- _What is being asked_
Repeat word for word the lines starting at the one with "在首都聖地亞哥街頭,一名示威" and ending at the final line of the material, both ends included; omit pictures.

- _Given data_
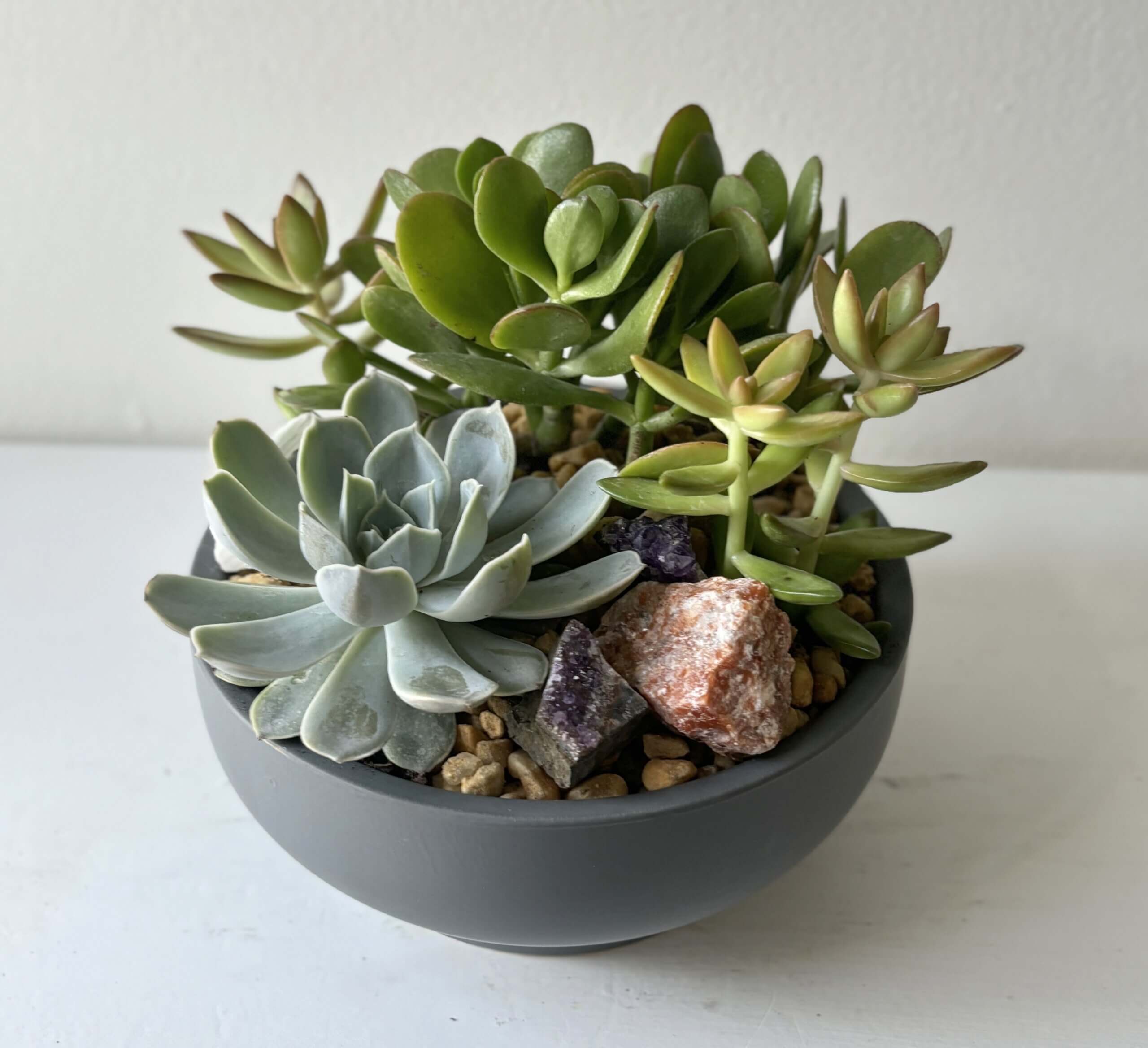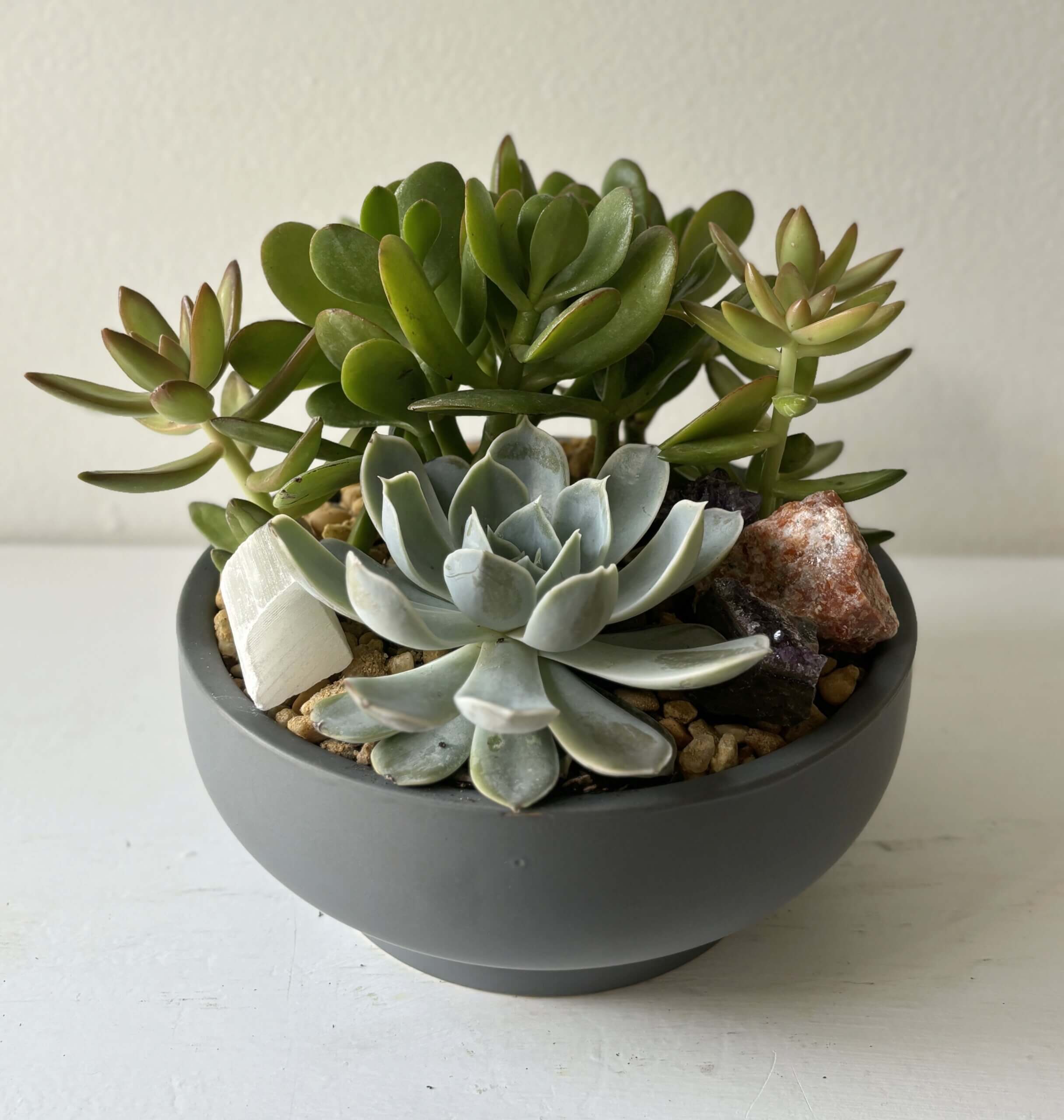 A low maintenance succulent and crystal garden in a modern planter.
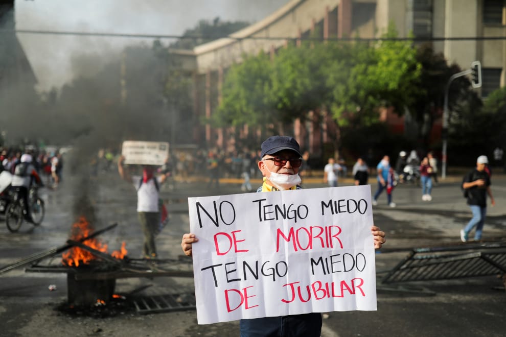 在首都聖地亞哥街頭,一名示威民眾舉著寫有「我不怕死,但我怕退休」字樣的海報,抗議低薪、缺乏健康照護以及退休金微薄的社會環境。
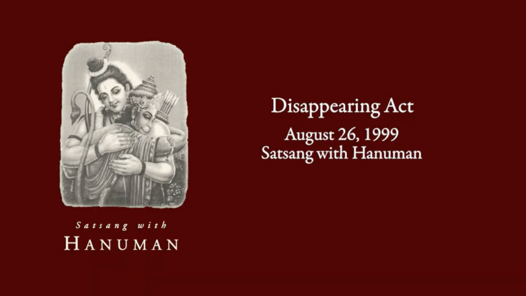 Play Video In this 1998 satsang retreat, Hanuman engages with one retreat participant who is worried that she is not following Papaji’s instructions – to recognize that this lifetime is precious and should be spent serving others. Hanuman assures her that by resting, reading and refreshing herself, she is doing what serves her and the…

- _Reply_
 在首都聖地亞哥街頭,一名示威民眾舉著寫有「我不怕死,但我怕退休」字樣的海報,抗議低薪、缺乏健康照護以及退休金微薄的社會環境。
 Play Video In this 1998 satsang retreat, Hanuman engages with one retreat participant who is worried that she is not following Papaji’s instructions – to recognize that this lifetime is precious and should be spent serving others. Hanuman assures her that by resting, reading and refreshing herself, she is doing what serves her and the…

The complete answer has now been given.